Le 25 juin, la toute nouvelle Agence française anti-corruption a requis pour la première fois contre une entreprise, l’équipementier électrique, Sonepar. Un événement inédit et d’importance, comme l’explique dans une tribune au « Monde » l’avocat Nicolas Tollet.
Tribune. Dix-huit mois après être entrée en activité, la commission des sanctions de l’Agence française anticorruption (AFA), créée par la loi Sapin II de 2016, a commencé à sévir : une première entreprise a inauguré bien malgré elle, mardi 25 juin, le passage devant sa commission des sanctions. Il s’agit en l’occurrence un équipementier électrique familial du nord de la France.
Quelques rappels s’imposent pour bien comprendre l’importance de cet événement.
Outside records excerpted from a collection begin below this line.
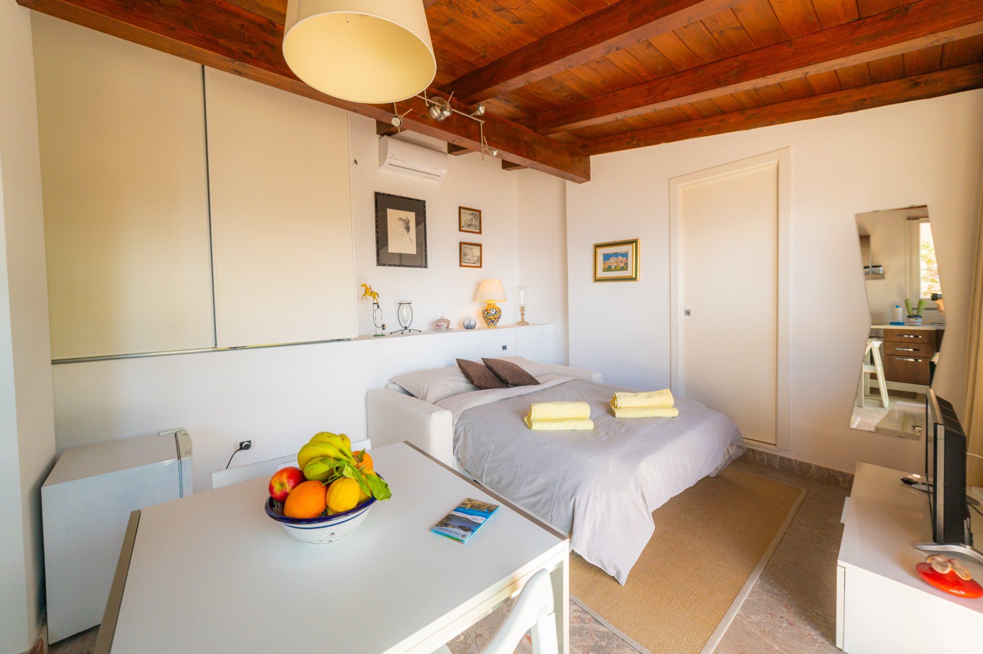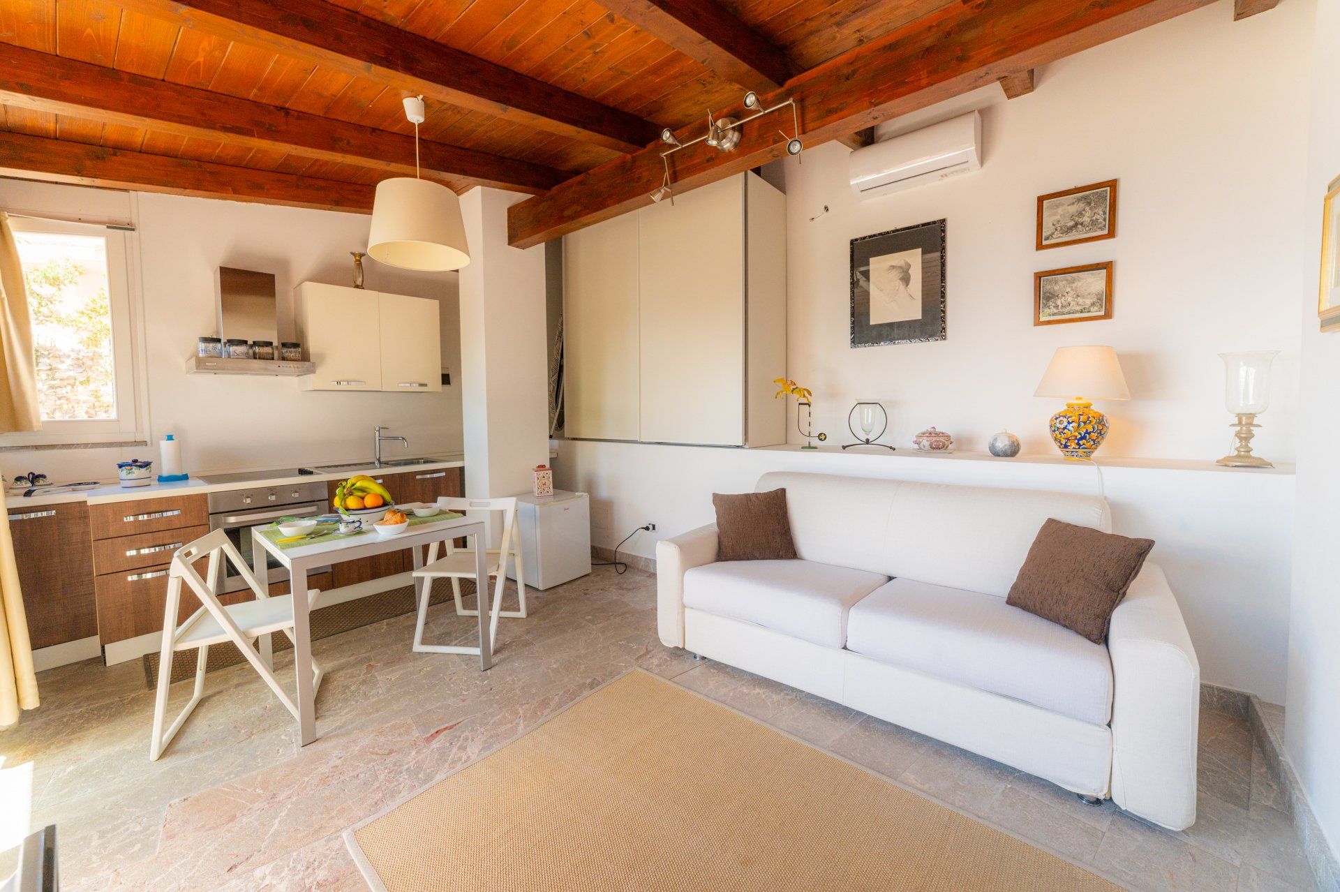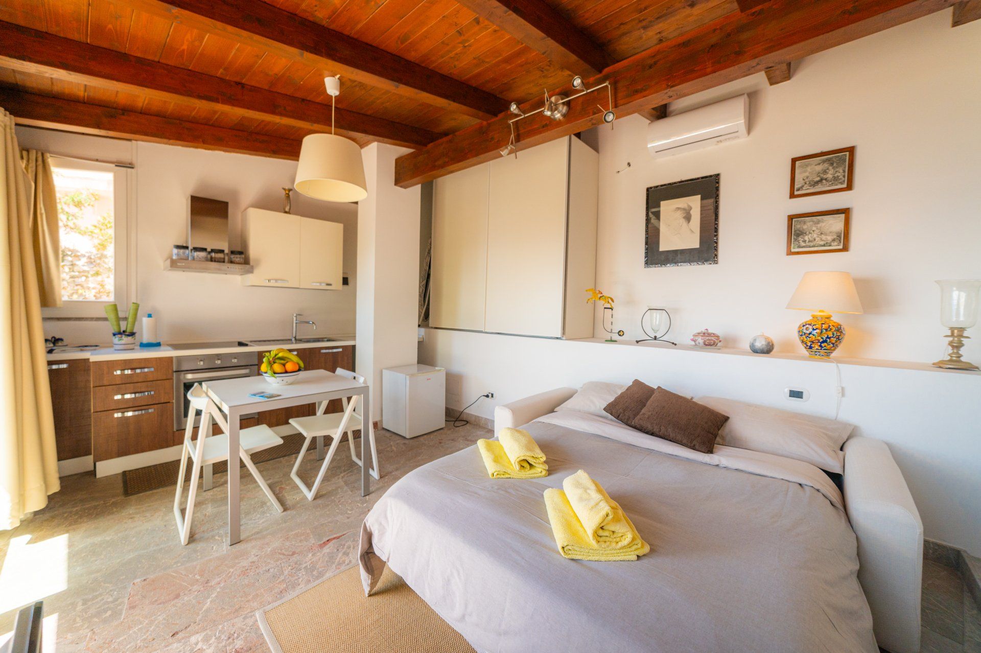 Si trova, all’interno di una villa sita in mezzo al verde a cinque minuti a piedi dal centro città, un appartamento formato da un unico ambiente di 20 mq circa con tetto in travi di legno, cucina, tavolo, divano che si trasforma in letto per la notte e un bagno con doccia tutto rivestito in ceramiche siciliane.
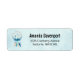 Etiquetas de endereço com uma coletora de sondas de cores bonito. Cor azul, turquesa e creme. Decorados com penas, miçangas e flores.
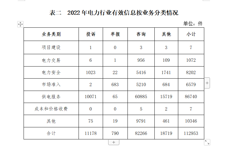 電力行業(yè)排在首位,有效信息數(shù)量為112953件,占全部有效信息的68.82%。群眾關(guān)注的內(nèi)容主要集中在供電服務(wù)、電力安全、市場準(zhǔn)入等方面。(2022年電力行業(yè)有效信息按業(yè)務(wù)分類情況見表二)

Il s’agit de l’un des aboutissements les plus concrets de la loi « Sapin II », qui vise à lutter au sein des entreprises contre les faits de corruption et de trafic d’influence. Cette loi s’applique aux sociétés de plus de 500 salariés actives en France, dont le chiffre d’affaires dépasse 100 millions d’euros par an.
L’AFA, créée dans la foulée pour contrôler les pratiques des entreprises, a démarré son activité en novembre 2017. Peu de temps après, on apprenait que plusieurs entreprises n’avaient pas passé avec succès une première vague de contrôles. Il aura fallu un an et demi pour qu’une première entreprise passe sous les feux tant redoutés de la commission des sanctions de l’AFA, et essuie ainsi les plâtres de la première commission de ce type, laquelle était ouverte au public.
Avoir sous-estimé la cartographie des risques de corruption
Et du public, il y en a eu ! Une file d’entente de 100 mètres commencée dans la rue deux heures avant l’audience. Une salle comble, avec un auditoire principalement constitué de personnes du monde du droit, mais aussi des journalistes. La raison de cette affluence était double : l’événement était non seulement l’occasion de découvrir la première audience de la commission des sanctions de l’AFA, mais surtout d’en savoir plus sur les faits reprochés à l’entreprise visée.
Ces faits étaient liés plus particulièrement à un manquement. L’entreprise aurait sous-estimé la cartographie des risques de corruption de ses activités à travers le monde. L’AFA a reproché à l’entreprise d’avoir bâclé son analyse, alors que cette cartographie est légalement obligatoire depuis la loi Sapin II et que l’ensemble du programme anticorruption repose sur elle.
L’entreprise avait pourtant externalisé la réalisation de cette cartographie anticorruption à un grand cabinet d’audit. Le directeur de l’AFA a balayé cet argument en expliquant qu’en ayant alloué un budget de seulement 119 000 euros, on ne pouvait guère escompter un travail en profondeur par ce prestataire, alors que la société est une multinationale présente dans près de 45 pays et emploie 45 000 salariés.